25 thoughts on “Peter F. Hamilton – Pandora’s Star

  1. Jules

    I tend to agree. I haven’t managed to finish Pandora’s star. Personally I enjoyed Hamilton’s early work and Fallen Dragon but his other stuff has all sufferred from being too long and involved without the story or characters to redeem it.

  2. george bright

    i cant believe you gave this halk marks, especially after foolishly skipping the intro so you didnt know who anyone was or hao they felt about anyone else. i am sure that if you started watching a film halfway through you would give it below half marks every time.

  3. James

    I’ve been reading SF for 40 years, and I haven’t read anything in decades that I thought was as interesting as this one. Yes it was long, but the world he envisions is not only far-fetched but also quite possible. This is a remarkable book, and I can’t wait for the sequel.

  4. Kelvin

    I am about halfway through the book and was ticked off to see that this book is part one…of 10? Who knows?? Peter Hamilton tends to get bogged down into too much of detail and subplots upon subplots. Now I have to wait until October

  5. Sean Girling

    Ah, but I love a long book. I enjoy immersing myself in Hamiltons universes, and damned if I want just a weekend break there, it has to be a nice two week jaunt. Well, actually, it only took a week, but you know what I mean. Long books are like long movies, either badly done in need of trimming, or expertly woven so you don’t notice.

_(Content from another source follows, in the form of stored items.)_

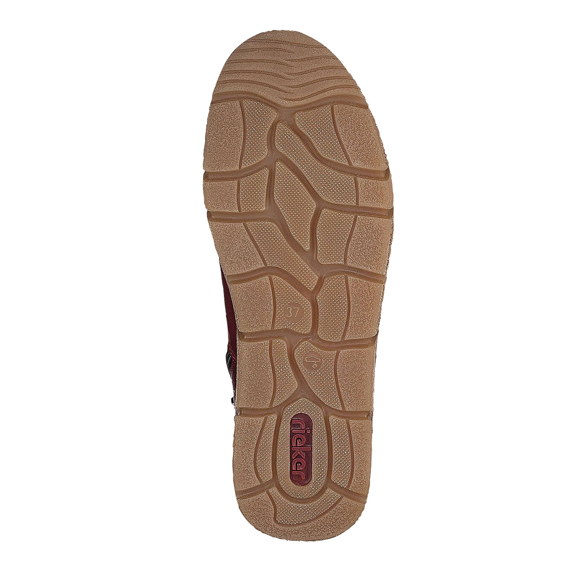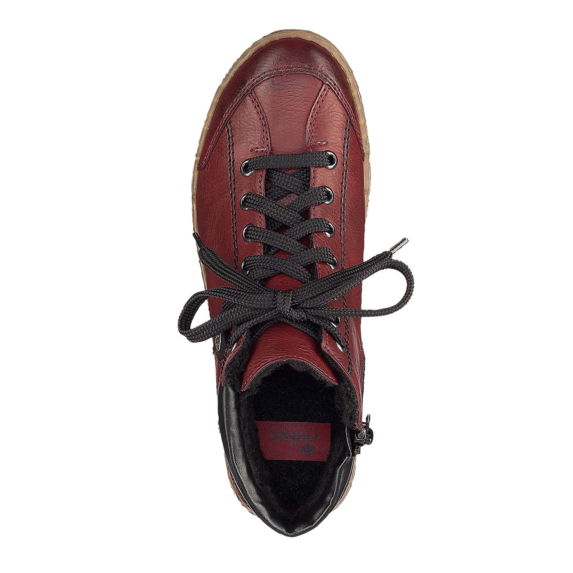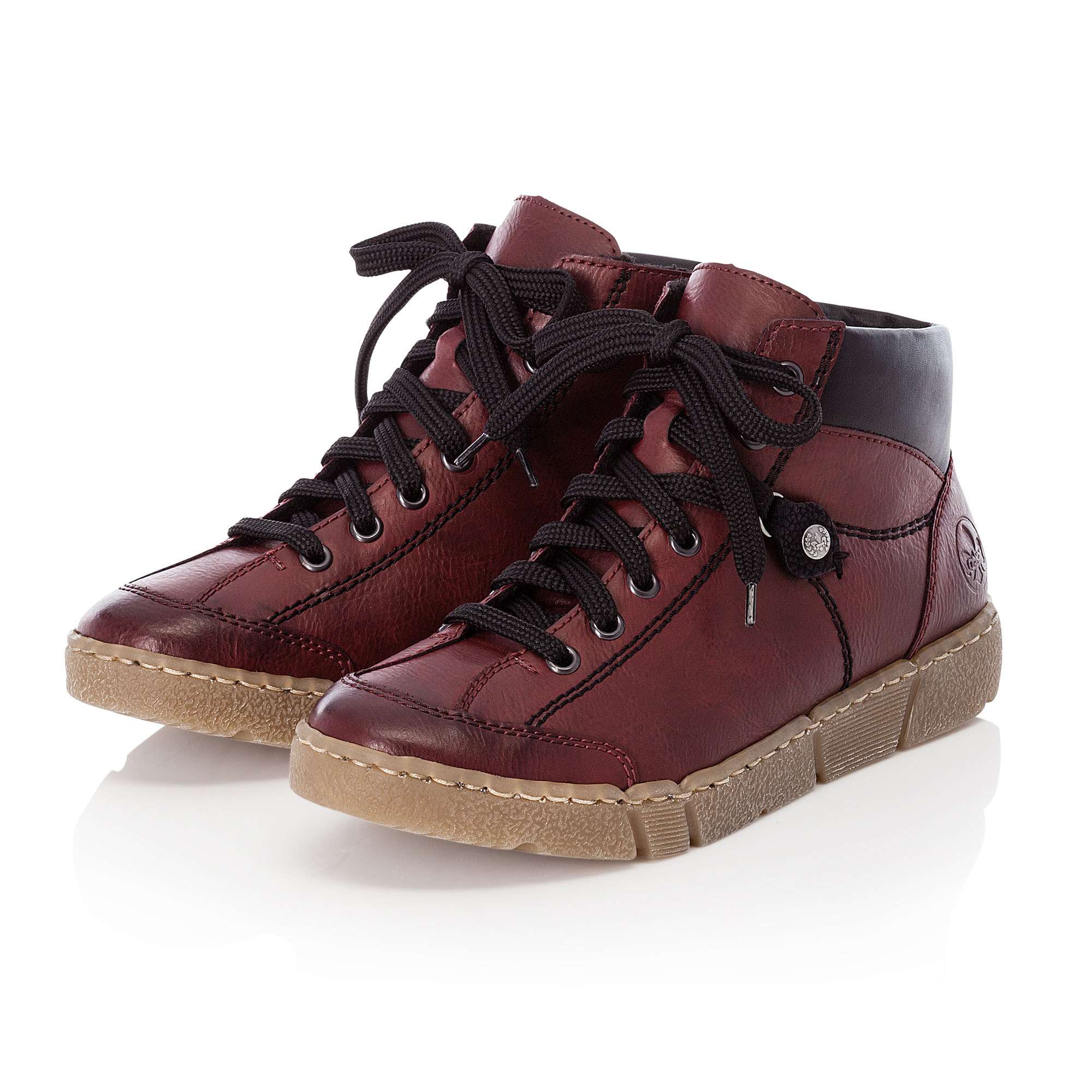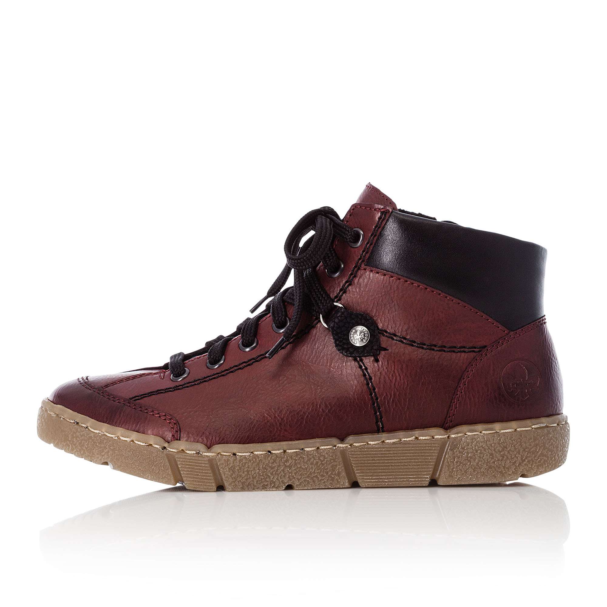 Dámské kotníky značky Rieker mají elegantní tmavě červenou barvu, logo značky a designovou podešev. Svršku dominuje kontrastní šití a lem horního okraje. Obouvání Vám usnadní šněrování, které poslouží pro lepší přizpůsobení na Vaši nohu. Tento velmi pohodlný vzor unosíte jak do práce, tak i na běžné pochůzky.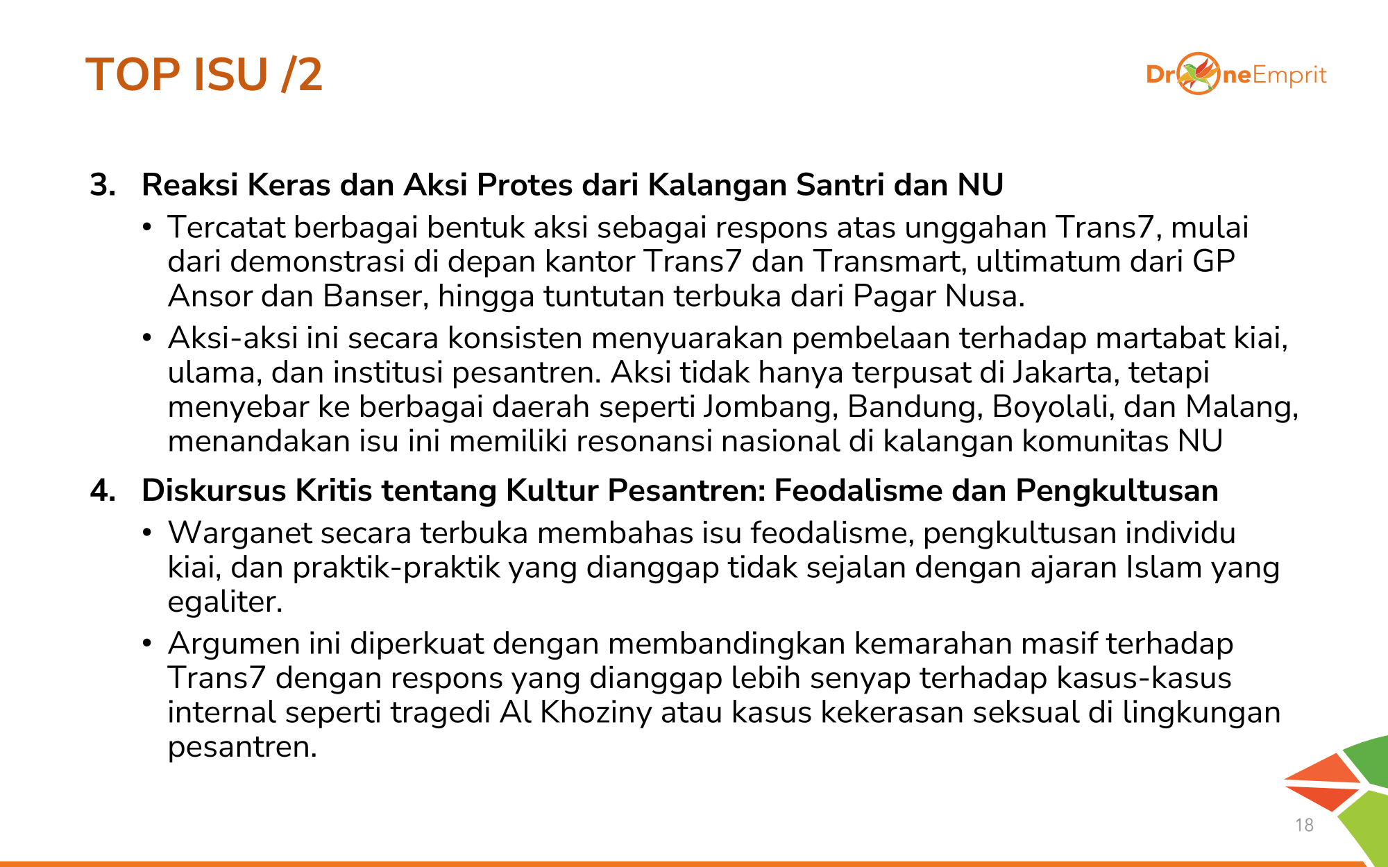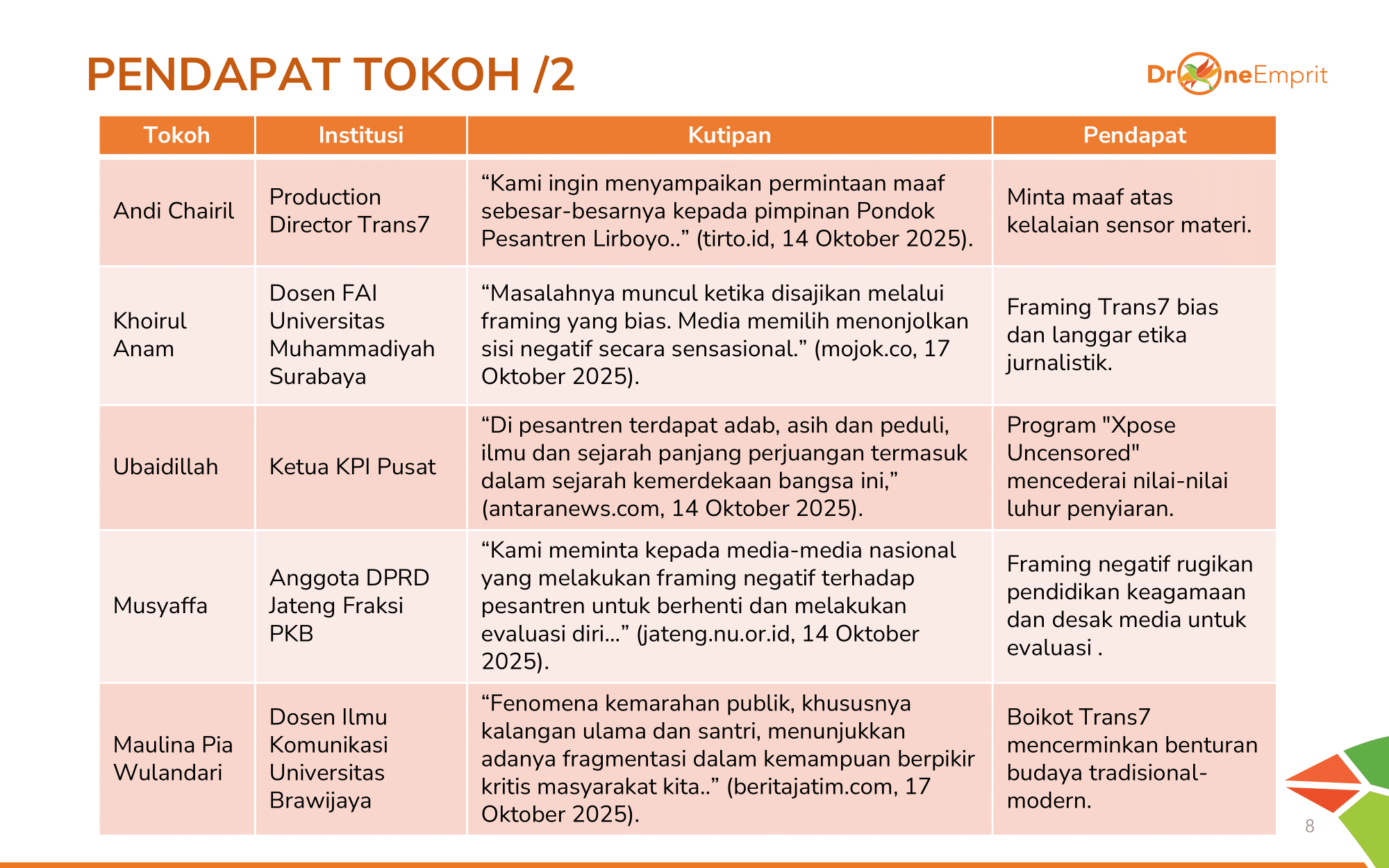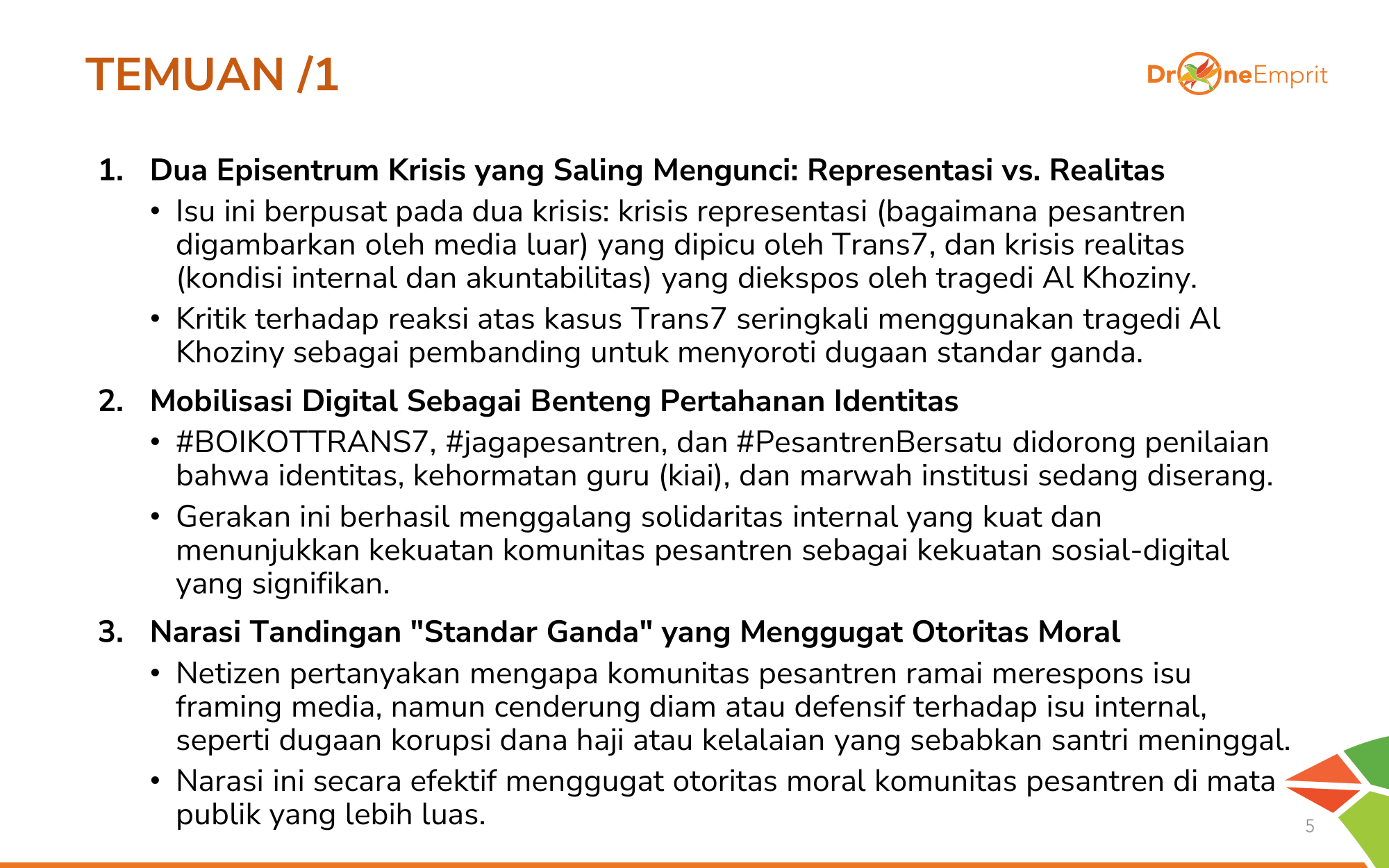 Dua isu utama menjadi pusat perhatian. Pertama, kontroversi framing negatif 'Xpose Uncensored' Trans7 yang memicu kemarahan kolektif. Kedua, tragedi ambruknya Ponpes Al Khoziny yang memantik diskursus soal akuntabilitas.
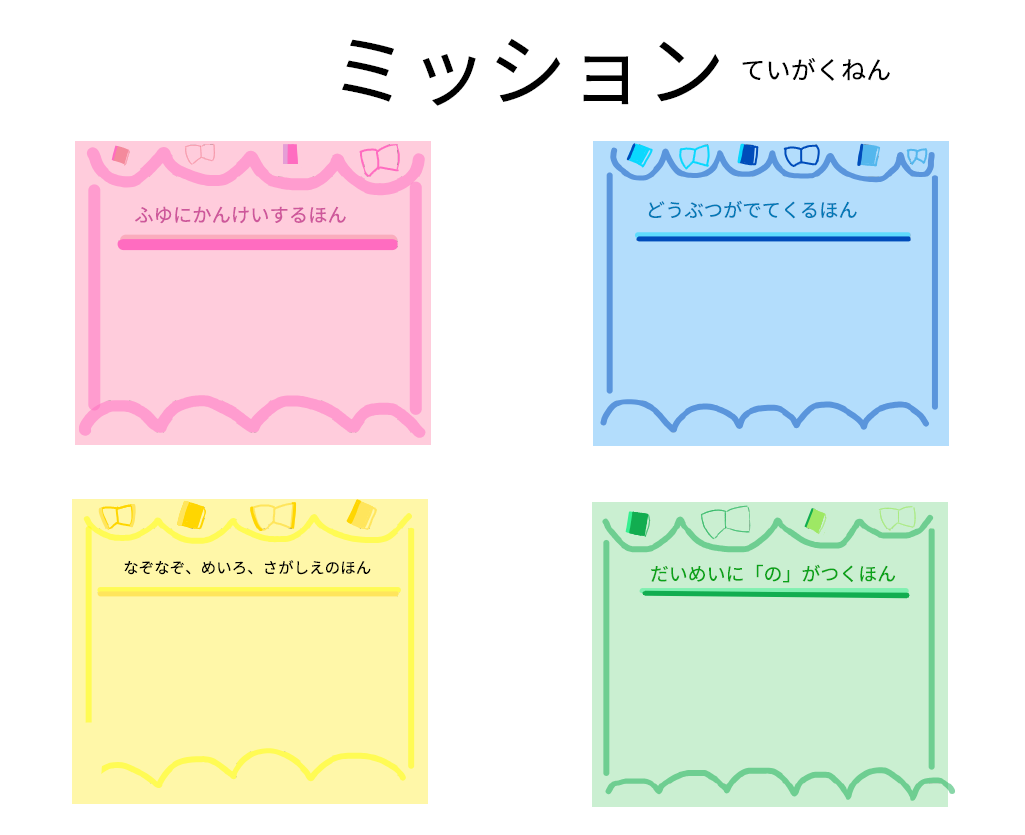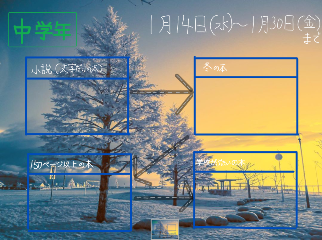 高学年のミッションは、①歴史の本、②小説、③冬に関係する本、④外国のお話の順に本を読むというもので、4種類全部読めればミッション・コンプリートとなります。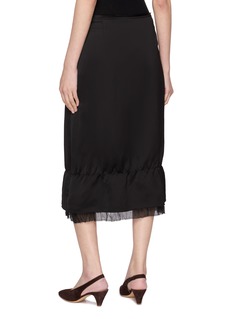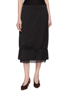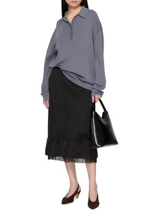 TOTEME 以材质碰撞重塑半裙形态,这件单品选用垂坠缎面面料,下摆荷叶边与内层薄纱形成层次对比,利落腰头弱化裙装的柔化感,搭配绒面穆勒鞋,精准诠释北欧极简美学中的柔与刚。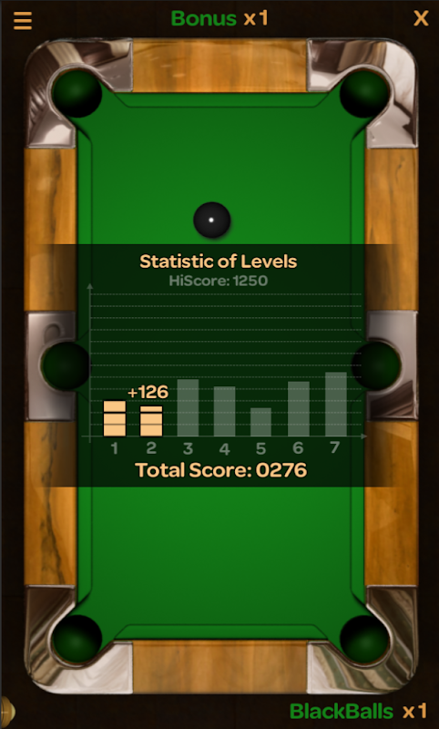 ทุกอย่างง่ายมาก: ขับลูกบอลสีขาวลงในกระเป๋าและดูแลลูกบอลสีดำ หากคุณทำคะแนนลูกหลายลูกติดต่อกันหรือตีกระเป๋าที่ทำเครื่องหมายไว้จะได้รับโบนัส (ผลของคะแนนลูกคูณ)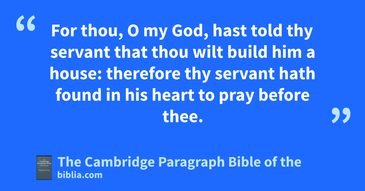 XVII. Now ait came to pass, as David sat in his house, that David said to Nathan the prophet, Lo, I dwell in a house of cedars, but the ark of the covenant of the Lord remaineth under curtains. 2 Then Nathan said unto David, Do all that is in thine heart; for God is with thee. 3 And it came to pass the same night, that the word of God came to Nathan, saying, 4 Go and tell David my servant, Thus saith the Lord, Thou shalt not build me a house to dwell in: 5 for I have not dwelt in a house since the day that I brought up Israel unto this day; but * have gone from tent to tent, and from one tabernacle to another. 6 Wheresoever I have walked with all Israel, spake I a word to any of the bjudges of Israel, whom I commanded to feed my people, saying, Why have ye not built me a house of cedars? 7 Now therefore thus shalt thou say unto my servant David, Thus saith the Lord of hosts, I took thee from the sheepcote, even * from following the sheep, that thou shouldest be ruler over my people Israel: 8 and I have been with thee whithersoever thou hast walked, and have cut off all thine enemies from before thee, and have made thee a name like the name of the great men that are in the earth. 9 Also I will ordain a place for my people Israel, and will plant them, and they shall dwell in their place, and shall be moved no more; neither shall the children of wickedness cwaste them any more, as at the beginning, 10 and since the time that I commanded judges to be over my people Israel. Moreover I will subdue all thine enemies. Furthermore I tell thee that the Lord will build thee a house. 11 And it shall come to pass, when thy days be expired that thou must go to be with thy fathers, that I will raise up thy seed after thee, which shall be of thy sons; and I will stablish his kingdom. 12 He shall build me a house, and I will stablish his throne for ever. 13 dI will be his father, and he shall be my son: and I will not take my mercy away from him, as I took it from ehim that was before thee: 14 But I will settle him in mine house and in my kingdom for ever: and his throne shall be established for evermore. 15 According to all these words, and according to all this vision, so did Nathan speak unto David.

    And Hamilton is so brilliant at weaving multiple characters stories together such that you really care. Hardly feel that from many books these days sadly. Thank god for Peter and his quirky sense of humour.

    Sean Girling

  6. Matt

    Read this in about two weeks, yes its a slow starter, and planty of charecters. It does start to knit togeteher a 1/3 of the way through. Maybe I gave this some time after the shock of reading Iain M Bank’ Excession – thats not a book to nod off to! By the end of Pandora’s star, I had a real taste for the wormhole-linked commonwealth, Ozzies mystical silfen adventures and the starflyer conspiricy. Looking forward to round 2!

  7. Clive

    Anyone who can’t pull the sub-plots together and who ‘writes off’ the first 200 pages has an attention span problem.
    I’m 2/3rds of the way through and thoroughly enjoying how it’s all fitting together.
    I can hardly put it down…great stuff!

  8. Bart

    Peter F. Hamilton books have the ability of putting the reader in a universe/story that feels real, that you feel connected too. That is something i really appreciate in his style of writing. My native tongue is dutch but I refuse to read the translated books, you have to read books in their original language (can be a problem if it is a japanese book 😉 ).
    So can’t wait to read the second book…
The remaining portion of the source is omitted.